The Harlem Book of the Dead, published in 1978, was a compilation of funeral photographs. One of the photos showed the corpse of a young woman who had been shot and refused to identify her killer before she died. This photo inspired the character of Dorcas, who was shot and refused to allow the witnesses to call an ambulance.

2. Morrison may have also been inspired by her own family's history.

Like many of the characters in Jazz, all four of Toni Morrison's grandparents had migrated from southern to northern states. Morrison grew up hearing stories about the South from her maternal grandparents. She was particularly interested in the cultural and economic conditions that black people faced in their new northern homes, and this theme appears throughout her work.

3. The word jazz never appears in the novel—except in the title.

Jazz is set during the Harlem Renaissance (c. 1918–37), a movement in which African American artists embraced their culture and infused it into American life. This became known as the "New Negro" movement, which was greatly influenced by jazz music.

A Toni Morrison biographer noted that the style of jazz parallels with Morrison's style of writing, saying "the language itself reflects the rhythms and harmonies of music." According to one reviewer, 'You do not read this book; you listen to it.'"

4. Harlem is never named as the setting in the novel.

Although it's the accepted setting of Jazz, Harlem is never mentioned in the text. Instead, Morrison refers to the setting as only "the City." An additional clue that "the City" is indeed Harlem is the fact that three of the main characters reside on Lenox Avenue, the main street that runs through Harlem.

5. Morrison was the first African American woman to win the Nobel Prize in Literature.

Toni Morrison has won many awards throughout her life. In addition to the Nobel Prize in Literature in 1993, she won the 1988 Pulitzer Prize for Beloved. In 2012 President Barack Obama awarded Toni Morrison the Presidential Medal of Freedom, the highest civilian award in the United States.

6. The link between Jazz and Beloved is unclear, but readers have speculated for years.

Although the connection between Jazz and its predecessor, Beloved, is not explicitly made clear, many readers and critics have tried to discover ties between the two novels. Some have speculated that Joe Trace, the main character in Jazz, is the character Beloved's son, noting that Joe was born at roughly the same time that Beloved's baby would have been. Even Morrison herself has alluded that there could be a connection, saying, "Wild is a kind of Beloved. The dates are the same ..."

7. Morrison has an unusual approach toward plot: she puts it all on the first page.

Morrison once said in an interview that she put the entire plot on the first page for her novels Jazz and The Bluest Eye. She explained that she wants plot to be about not what happens but how and why it happens:

You put the salient elements up front and the reader is hooked into wanting to know how did that happen. Who did that and why?
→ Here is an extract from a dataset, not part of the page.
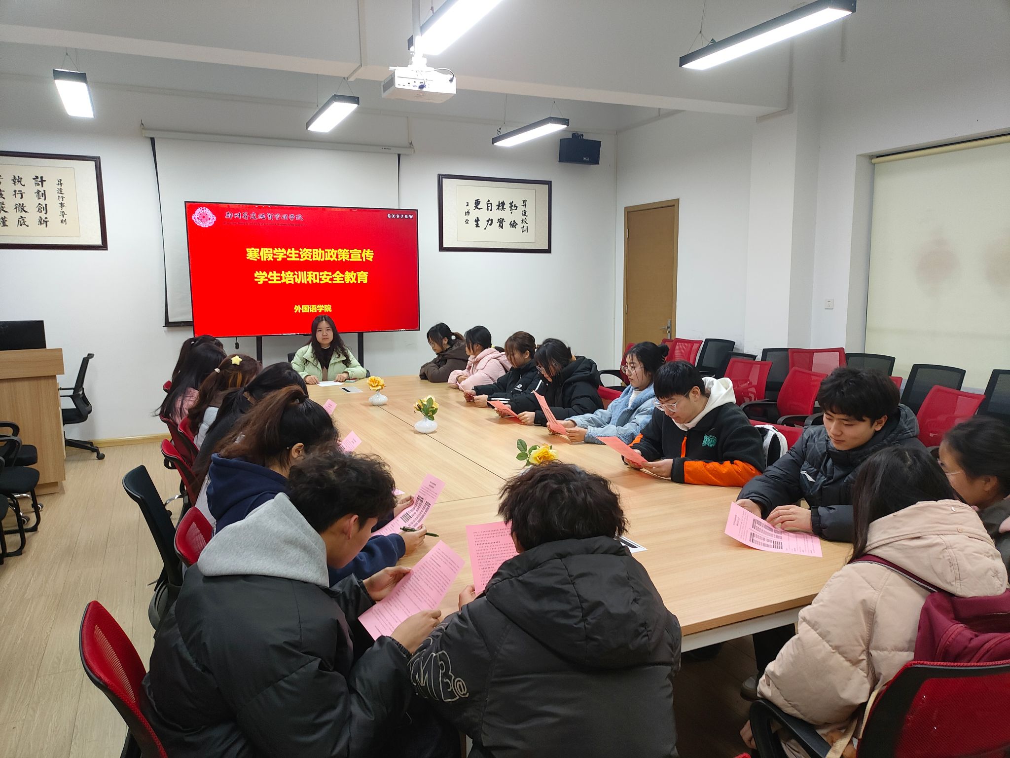 放假前夕,公司组织召开寒假资助政策宣传活动工作部署会,会议明确了寒假期间员工资助宣传工作的具体要求,以及志愿者和宣传大使的选拔标准和岗位职责。此外,公司还组织了培训活动,帮助他们全面掌握宣传要点,并特别强调了在宣传过程中需注意的交通安全、个人信息保护及防范电信诈骗等安全事项。

8. Jazz received mixed reviews.

Though most early reviews of Jazz were positive, some were more critical. A review in the New York Times states, "It is as if Ms. Morrison ... hesitates to bring us to the last frontier, to a predicament that is both physical and metaphysical, and which in certain fictions ... becomes our very own experience." Still, the majority of reviews were favorable, as captured here in a Kirkus Review: "One of Morrison's richest novels yet" and "In all, a lovely novel—lyrical, searching, and touching."

9. Morrison objects to the term magical realism being applied to her work.
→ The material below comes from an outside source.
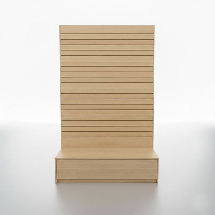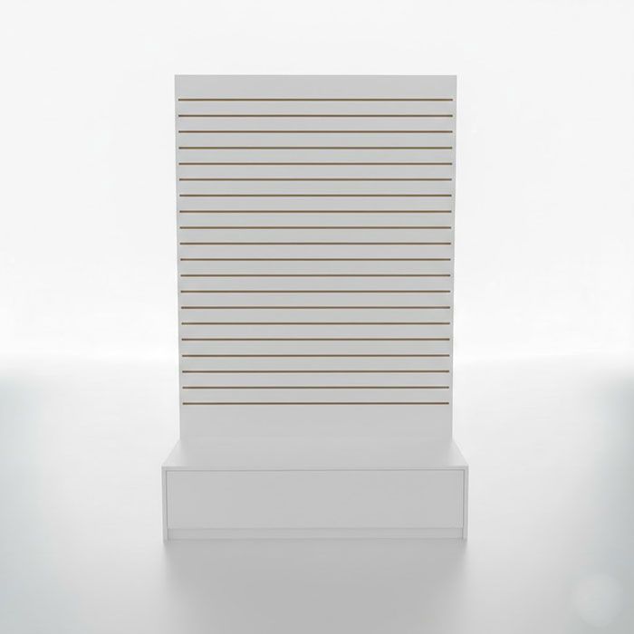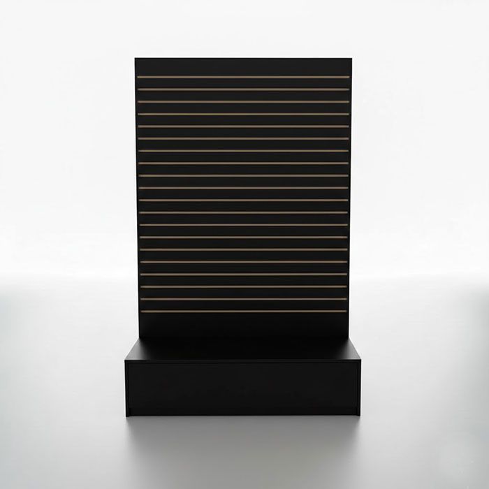 High-Impact L-Shaped Slatwall Merchandiser – 80"H Vertical DisplayTransform underutilized floor space into a high-conversion zone with our L-Shaped Slatwall Merchandiser. Designed for maximum visibility and versatility, this retail display unit allows you to showcase a diverse range of inventory in a compact footprint. Whether used as a standalone focal point or integrated with other slatwall fixtures, this tower creates a professional, organized shopping experience that drives impulse buys.Why Choose the L-Shaped Slatwall Tower?Maximize Vertical Square Footage: Standing 80" tall, this unit puts more products at eye level, significantly increasing your "selling zone" without taking up extra floor space. Complete Display Flexibility: The standard slatwall grooves are compatible with a full range of slatwall accessories, allowing you to swap hooks, shelves, and bins in seconds. Commercial-Grade Durability: Finished in a heavy-duty, easy-to-clean laminate, this unit is built to withstand high-traffic retail environments. Stable, High-Capacity Base: The 20" deep reinforced base provides a rock-solid foundation for heavier merchandise while keeping products elevated and accessible.SpecificationsDimensions: 48"L x 20"D x 80"H (6"H Base) Finish Options: Available in Professional Black, Clean White, or Natural Maple to match your brand aesthetic. Compatibility: Works seamlessly with all standard retail slatwall hardware.Shipping & DeliveryDelivery: Ships via freight; please allow 5-10 business days for arrival. Shipping Quote: Add this item to your cart for an instant freight estimate. Handling: This is an oversized shipment. If you do not have a loading dock, please request a lift-gate at checkout for a seamless delivery. We are happy to coordinate with your preferred freight carrier (Pickup Zip: 11354).

Magical realism refers to the coexistence of the ordinary and the magical or supernatural in literature. Though Jazz has often been characterized as part of the genre of magical realism—and Morrison concedes that her books encompass a supernatural element—she does not embrace the term, believing that the word magical dilutes the realism of her work.

10. The Toni Morrison Society was established to promote study of the author's work.

The Toni Morrison Society, founded on May 28, 1993 is dedicated to furthering the work of Toni Morrison. As an official member of the American Literature Association, the society has more than 600 members from all over the world, many of whom hold prominent positions in business, the arts, and academia.